LES BÉNÉFICES DU THS
Les bénéfices immédiats du THS sont les plus évidents : disparition des bouffées de chaleur, maintien de la libido et diminution de la sensation de fatigue. En l’absence de traitement hormonal, les désordres vasomoteurs liés à la privation d’estrogènes sont mal combattus par les traitements symptomatiques
à notre disposition. Autoriser le THS aux cancers du sein guéris leur serait bénéfique de ce point de vue.
Le THS a un rôle préventif démontré dans l’ostéoporose. Des
études cas-témoins ont montré que l’estrogénothérapie diminuait de 50 % le risque de fracture du col du fémur. Une étude
randomisée prospective a montré que ce traitement était
capable d’augmenter la masse osseuse. L’ostéoporose doit-elle
être le prix à payer pour la guérison du cancer du sein ?
Les études épidémiologiques montrent que le THS réduit les
accidents coronariens de 45 %.
Les estrogènes ont un effet favorable démontré sur les lipides,
avec une baisse du LDL cholestérol, une augmentation des triglycérides et du HDL cholestérol.
Le THS lutte efficacement contre l’atrophie et la sécheresse
vaginale, ce qui peut être obtenu avec le même succès par un
traitement local.
LES RISQUES DU THS
Le THS comporte aussi des risques, qu’il est nécessaire d’évaluer le plus précisément possible avant de le prescrire aux
femmes traitées pour un cancer du sein.
*Centre Baclesse, route Lion-sur-Mer, 14021 Caen.
La Lettre du Sénologue - n° 2 - octobre 1998
Le THS entraîne un risque accru de thrombophlébites. Ce
risque est jugé suffisamment mineur pour ne pas en limiter
l’indication dans la population générale.
Les risques liés au cancer du sein sont supposés importants,
puisque le cancer du sein reste une contre-indication absolue
au THS. Cette contre-indication existe de longue date. Elle est
fondée essentiellement sur des données expérimentales, qui ont
montré le rôle des estrogènes dans la cancérogenèse, et sur des
données cliniques anciennes, qui relatent des stimulations, par
l’estradiol, de cancers du sein évolués. Cependant, les données
précises sur l’effet du THS après cancer du sein font défaut.

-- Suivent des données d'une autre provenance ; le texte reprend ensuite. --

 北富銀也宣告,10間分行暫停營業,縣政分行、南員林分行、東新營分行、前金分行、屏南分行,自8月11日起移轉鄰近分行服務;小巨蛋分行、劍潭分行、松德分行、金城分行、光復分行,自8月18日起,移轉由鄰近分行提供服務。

De nombreuses études se sont intéressées à l’augmentation
éventuelle du risque de cancer du sein après THS. Plusieurs
méta-analyses ont été réalisées sur ce sujet. La méta-analyse
d’Oxford montre une augmentation faible du risque de cancer
du sein sous THS et une corrélation entre la durée de traitement et le risque de cancer du sein.

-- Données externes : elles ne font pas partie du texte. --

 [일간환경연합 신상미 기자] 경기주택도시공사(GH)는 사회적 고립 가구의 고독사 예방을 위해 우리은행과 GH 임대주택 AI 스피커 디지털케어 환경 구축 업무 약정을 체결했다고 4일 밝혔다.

Quelle serait la conséquence d’une augmentation modérée du
risque chez des femmes déjà prédisposées ? L’augmentation
modérée du risque de développer un cancer du sein sous THS
ne représente-t-elle pas, en fait, une moyenne entre une augmentation faible dans une population non sensible et une augmentation élevée dans une population à risque ? Les femmes
qui ont déjà développé un cancer du sein font évidemment partie de la population à risque.

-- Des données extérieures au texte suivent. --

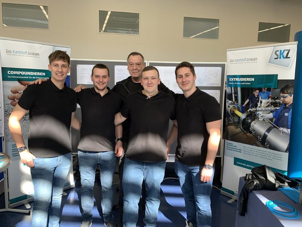 Die Auslegung von Extrusionswerkzeugen ist eine anspruchsvolle Aufgabenstellung. Vier angehende Techniker der Franz-Oberthür-Schule haben diese Herausforderung angenommen und in Zusammenarbeit mit ihrem Betreuer Kersten Kurda, Technischer Leiter und Berater bei Industrieprojekten im Bereich Materialien, Compoundieren, Extrudieren am SKZ, eine Extrusionsdüse entworfen und konstruiert.

En dehors de l’augmentation du risque de développer un cancer
du sein, les risques potentiels du THS sur le cancer du sein luimême nous sont totalement inconnus : apparition plus rapide de
rechutes de la maladie qui seraient de toute façon survenues
plus tard en son absence, stimulation de cellules quiescentes
qui n’auraient jamais proliféré, ou absence de conséquence ?
Du point de vue clinique, faut-il craindre une augmentation
des rechutes, des rechutes plus évolutives, une modification si
minime qu’elle passerait inaperçue, voire aucune modification
de l’évolution dans une population bien choisie ?
Proposer le THS aux femmes traitées antérieurement pour un
cancer du sein sans avoir au préalable réalisé un essai randomisé bien conduit revient à admettre que l’on connaît le mécanisme d’action des estrogènes sur d’éventuelles rechutes, et
donc qu’il est possible, dès maintenant, de définir une population hors d’atteinte. C’est au moment de la définition de cette
population que les choses deviennent délicates. Définir une
population de cancers du sein pour laquelle les estrogènes
n’auraient pas d’effet délétère revient probablement à définir
une population pour laquelle le tamoxifène n’aurait aucun
effet bénéfique. Ce pourrait être le cas des femmes traitées
pour un cancer du sein sans envahissement ganglionnaire, qui,
après plusieurs années de surveillance, peuvent être considérées comme guéries.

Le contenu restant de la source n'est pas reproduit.